Pipin is in the water, next to his wife. It is him who releases the sled to start the descent towards the abyss. But he realizes that something is not going right when he hears, through the steel cable, that the sled lands on the plate, on the bottom. It’s too hard a landing, as if Audrey hadn’t started inflating the lift balloon early enough to cushion the blow.
Pipin unhooks Audrey’s sled – Photo credit: Alberto Balbi
Audrey can’t inflate the balloon because the tank is empty. The support diver, the French Pascal Bernabè, intervenes. As soon as he realizes that the attempt is in vain he starts, through the emergency regulator, to manually insert air into the balloon. But, due to the depth and pressure, he can barely get the ball to slowly push Audrey back up. Too slowly.

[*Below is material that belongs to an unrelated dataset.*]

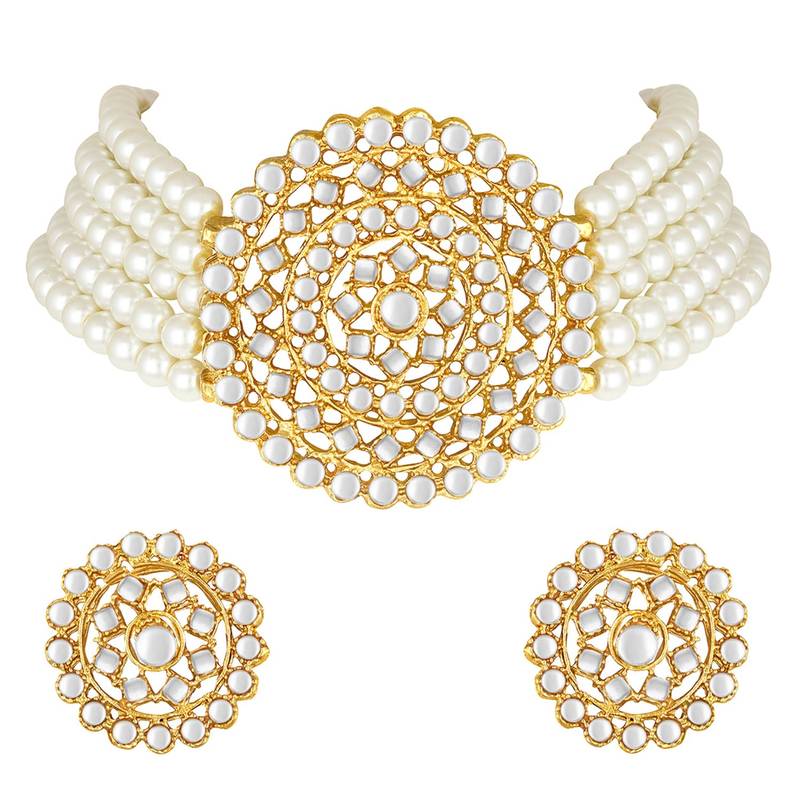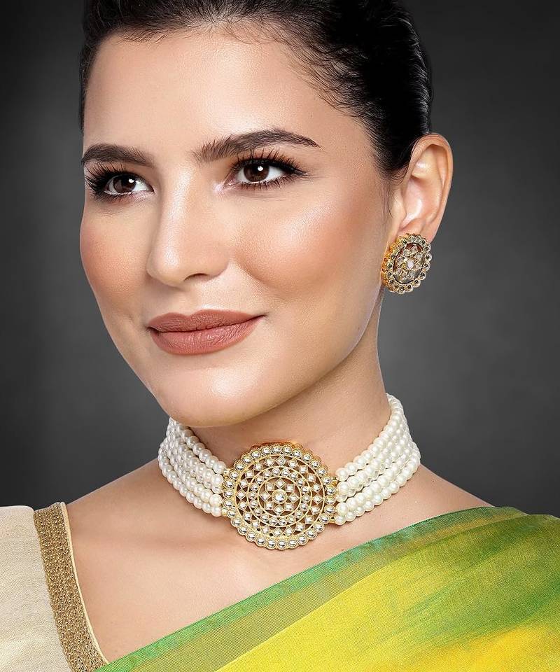 Aheli Choker Necklace With Round Earrings Traditional Jewellery Set For Women Girls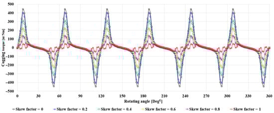 A skew factor of 1 indicates that 100% of the total stack length of the motor corresponds to the skewed region, whereas a skew factor of 0 represents a fully symmetrical structure without any skew. In other words, the skew factor is defined as the relative ratio of the skewed region to the total stack length. According to the results shown in Figure 11, the cogging torque varies with the skew factor, and it tends to decrease as the skew factor is reduced. This is because the skewed region with asymmetric ribs, which contributes to cogging torque reduction, becomes smaller. Therefore, in order to maximize the cogging torque reduction effect, it is desirable to set the skew factor as high as possible.

Audrey goes back, lifted by the lack of force of the ball, up to 120 meters. But she has now been out of breath for almost five minutes and she loses contact with the steel cable ascent, perhaps due to the strong current. Pascal realizes it, reaches her and accompanies her up to the depth of 90 meters, where the second support diver should be. A certain Vicky, Cuban and friend of Pipin. He breathes air.
But Vicky isn’t there and Pascal can’t get back up that fast. He stays with Audrey, doesn’t abandon her.
On the surface, time passes inexorably. Pipin is clamoring for a tank. He gets a tank without a regulator. Finally they deliver him a diving equipment. He goes down quickly, meets Pascal with Audrey in his arms. Pipin takes her with him and climbs like a madman, embracing her. And he resurfaces, almost like an explosion. With the hand reaching up, with Audrey’s head resting on her palm.
But it’s too late. They transport her on the catamaran, there is no doctor to revive her. Aboard a punt, Audrey is transported to the village and, subsequently, to the infirmary. Where they will not be able to do anything but ascertain her death.
Questions and conclusions
About twenty days after the accident, the IAFD issued a bulletin containing the causes that led to Audrey’s death. They reported a sum of events but there was no mention of the empty cylinder but only a malfunction of the lifting balloon.
No one mentioned Vicky, the backup diver who was not in his place. And nobody knew anything more about him. No one spoke of this misfortune again until Carlos Serra, Pipin’s former friend and associate, decided to write the truth about him.
But here the truths are just too many and no one will ever know which one will be the right one. On his Instagram account, Pipin says that a series of eight episodes will soon be released in which clarity on this dramatic event will finally be clarified. And it will always be produced by Netflix, like Senza Limiti.
Watch the video with Pipin’s statements
We will have a new version of events that Carlos Serra will surely disavow.
No one has ever been investigated for this story, but in the meantime Audrey Mestre has died at just 28 years old.